Сидевший рядом Толик Тузенко откашлялся в кулак и сказал:
– Все-таки удивляюсь иногда…
Фраза оборвалась на полуслове, Туз закурил.
– Удивляюсь, как люди справляются с этим кошмаром, который называется жизнью… – Он начинал свою историю издалека, медленно, но верно пробиваясь к любимой сексуальной теме. – Особенно сейчас женщинам трудно. Тут в газете поместили одну статейку. «Исповедь на мятой простыне» называется. Вот там женщина вечерами ложится в холодную постель и думает только об одном: господи, хоть бы кто меня изнасиловал. То есть она хочет найти мужчину, но негде. Все, кого она встречает, – только гомики. Или полные импотенты.
– Секс нужен человеку, чтобы заполнить душевную пустоту, – отозвался сзади Эльдар. – Это ученые доказали. У меня в душе – космическая пустота. Значит, мне надо много секса. Это улучшает жизненный тонус.

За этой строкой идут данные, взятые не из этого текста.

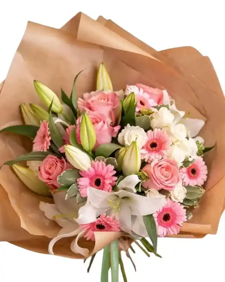 Bouquet con aprox. 4 varas de lirios blancos 6 rosas rosadas 6 rosas blancas y 9 gerberas rosadas . Nota: La flor puede ser sustituida dependiendo la disponibilidad de color y del producto “Mensaje Personalizado” máximo de 30 caracteres (Dejar el mensaje en el chat, los comentarios no se previsualizan para la tienda por lo que si se dejan allí no podrá ser incluido)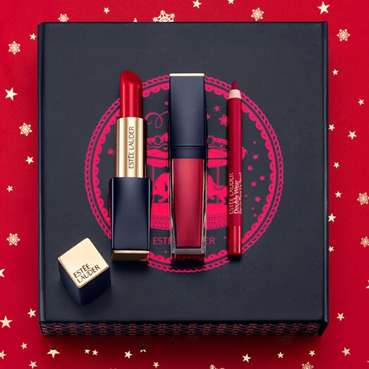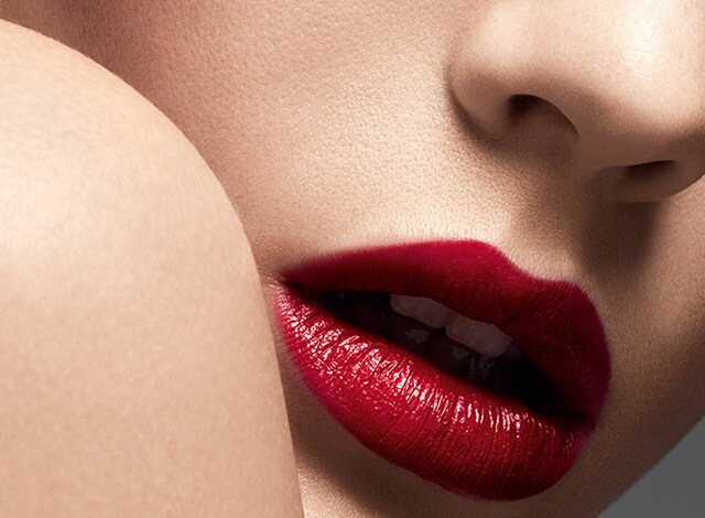 Define lips with Double Wear Lip Pencil in Red. Then fill in lips.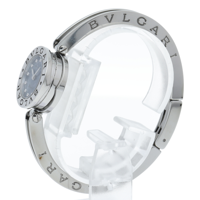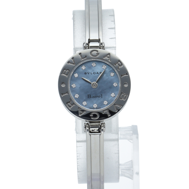 ブルガリの大人気シリーズ「ビーゼロワン」。アクセサリー感覚で着用できるかわいらしい人気ウォッチ。文字盤に12Pダイヤモンドが施された贅沢な1本。BZ22S(BZ22BSS/12)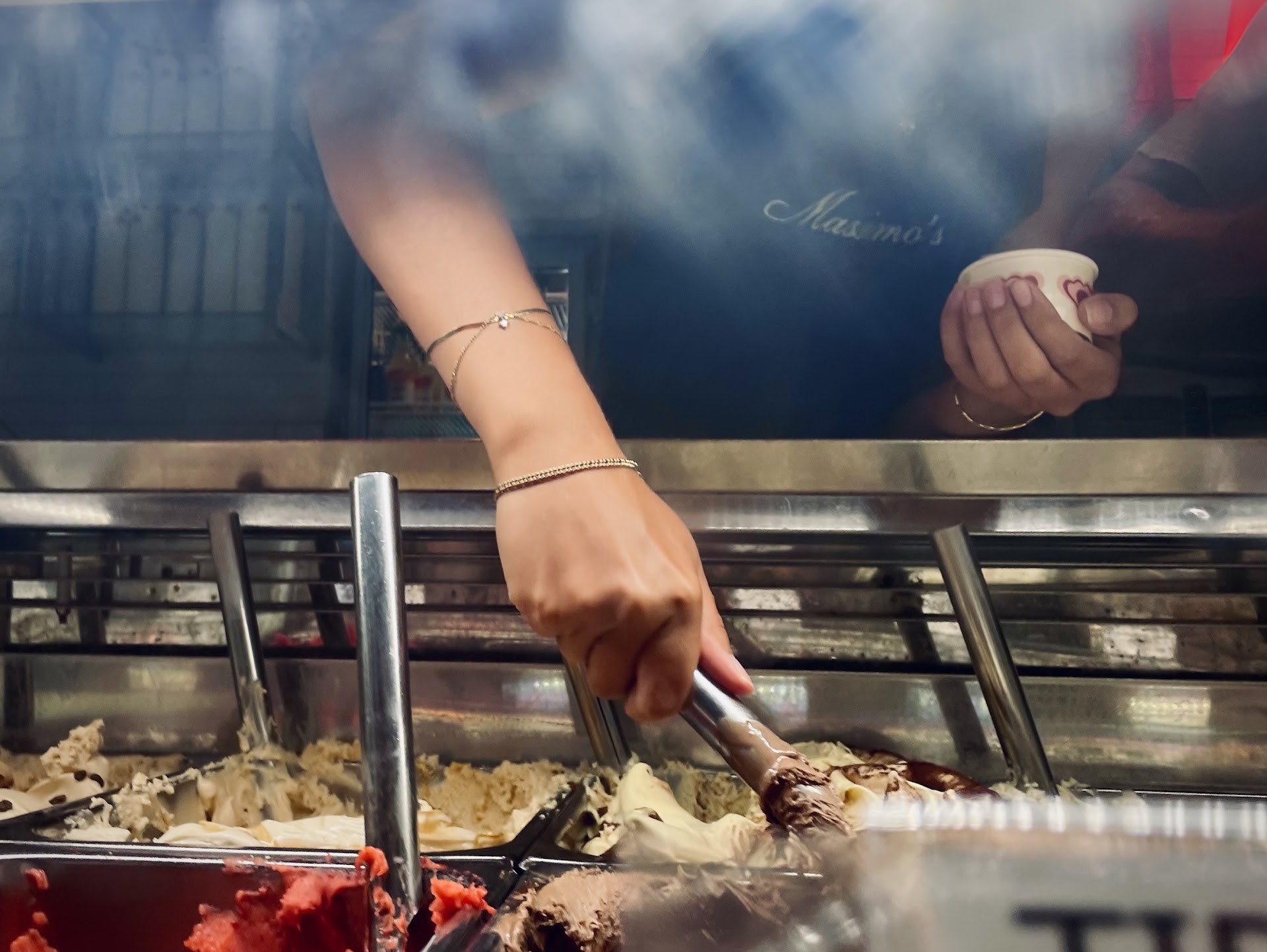 A small cup or cone will set you back $6.50 (an extra dollar if you want the dignity of a waffle cone), and even the smallest size lets you pick two flavours. But donât expect a free taste test - Massimoâs keeps the line moving. I went with chocolate truffle (dark, indulgent) and cherry swirl (bright, tangy). My daughter, ever the purist, got chocolate. And my brotherâs mango sorbet was so good we all regretted not getting it.

Вадим Гурский мог скомандовать, чтобы все заткнулись, но в отношении с подчиненными он допускал известную долю либерализма. Кроме того, в дальней дороге треп на сексуальные темы не дает заснуть за рулем.
Увидев в двадцати метрах перед капотом милиционера с полосатым жезлом в руке, Гурский не сразу понял, что это именно ему мент дает отмашку, приказывая остановиться. Свернув к обочине, машина встала. В следующую секунду водитель и двое пассажиров оказались в кольце неизвестно откуда появившихся ментов. Гурский увидел в руках блюстителей порядка автоматы, глянул на их свирепые морды, что-то хотел сказать своим парням, но не успел. Дверцу распахнули с наружной стороны, какой-то дюжий мент намертво вцепился в ворот пиджака и стал тащить Гурского из машины.

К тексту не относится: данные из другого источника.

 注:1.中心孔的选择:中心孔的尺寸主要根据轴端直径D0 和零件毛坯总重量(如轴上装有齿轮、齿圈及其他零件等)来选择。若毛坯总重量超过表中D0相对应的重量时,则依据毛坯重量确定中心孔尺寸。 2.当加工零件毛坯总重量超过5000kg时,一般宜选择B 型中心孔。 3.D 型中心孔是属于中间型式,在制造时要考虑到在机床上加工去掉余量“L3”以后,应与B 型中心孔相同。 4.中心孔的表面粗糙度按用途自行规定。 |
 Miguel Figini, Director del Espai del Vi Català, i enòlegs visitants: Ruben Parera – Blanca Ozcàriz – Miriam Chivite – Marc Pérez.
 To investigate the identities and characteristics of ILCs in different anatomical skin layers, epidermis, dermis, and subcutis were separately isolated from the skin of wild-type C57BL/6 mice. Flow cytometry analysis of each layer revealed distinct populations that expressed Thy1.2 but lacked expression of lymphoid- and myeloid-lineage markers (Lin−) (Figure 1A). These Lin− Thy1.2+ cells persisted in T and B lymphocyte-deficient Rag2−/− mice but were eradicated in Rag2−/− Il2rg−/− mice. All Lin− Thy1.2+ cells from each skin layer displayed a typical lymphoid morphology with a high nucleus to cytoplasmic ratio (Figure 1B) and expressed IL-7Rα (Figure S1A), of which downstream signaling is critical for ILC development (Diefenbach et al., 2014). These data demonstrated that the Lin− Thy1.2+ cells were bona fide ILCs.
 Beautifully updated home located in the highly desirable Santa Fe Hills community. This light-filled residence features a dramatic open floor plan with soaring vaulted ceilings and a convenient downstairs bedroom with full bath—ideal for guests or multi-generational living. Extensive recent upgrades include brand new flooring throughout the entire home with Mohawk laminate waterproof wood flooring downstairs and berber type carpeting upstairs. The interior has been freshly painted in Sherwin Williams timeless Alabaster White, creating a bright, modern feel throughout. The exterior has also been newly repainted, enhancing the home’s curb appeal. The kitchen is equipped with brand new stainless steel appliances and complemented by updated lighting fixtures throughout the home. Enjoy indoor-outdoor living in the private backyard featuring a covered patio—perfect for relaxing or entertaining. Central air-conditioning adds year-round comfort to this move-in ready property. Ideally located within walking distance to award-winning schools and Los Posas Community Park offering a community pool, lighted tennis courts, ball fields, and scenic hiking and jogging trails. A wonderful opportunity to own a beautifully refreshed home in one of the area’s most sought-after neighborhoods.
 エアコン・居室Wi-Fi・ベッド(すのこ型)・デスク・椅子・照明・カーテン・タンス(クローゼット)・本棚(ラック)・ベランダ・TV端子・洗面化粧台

– Всем выйти! – орал кто-то. – Лечь на землю! Руки за голову! Я сказал – на землю… Лечь!!!
Нападение было настолько диким, неожиданным, что оставалось только подчиниться. Гурский кое-как выбрался из машины, в следующую секунду получил удар подошвой сапога в голень левой ноги, охнул от боли и очутился на разогретом солнцем пыльном асфальте. Кто-то завернул его руки за спину, на запястьях защелкнулись браслеты наручников. Каблук сапога уперся в спину, под правую лопатку. В позвоночник ткнулся ствол автомата.
– Не поднимать головы, – надрывался мент. – Лежать, твари! Не шевелиться!
Гурский уткнулся носом в пыль. Он слышал, как менты шуруют в машине. Вот открыли багажник. Видно, кто-то полез под брезент и присвистнул, увидев, что там лежит.
– Бляха-муха, ты только глянь! Глазам не верю… Два автомата Калашникова, пистолеты, три снаряженных магазина… Карабин… Патронов целый ящик. Все разные, россыпью и в пачках. А тут что? Гранаты «Ф-1» – четыре штуки. «РГД-5» – восемь штук. Или девять…
– Подожди, сейчас опись составим, – ответил другой голос. – И приложим к протоколу задержания. Кто у нас писать самый грамотный?
Чьи-то руки ухватили Гурского за плечи, потащили куда-то. Сначала волоком по асфальту, потом вверх по лестнице. Через пару минут его отвели в тесную комнату с бетонным полом и потолком, освещенную люминесцентными лампами. Пост дорожно-постовой службы оказался не каким-то убогим курятником, а приличным домом с толстыми стенами и большим подвалом, где можно держать под замком хоть десяток пьяных шоферюг да еще проводить допросы.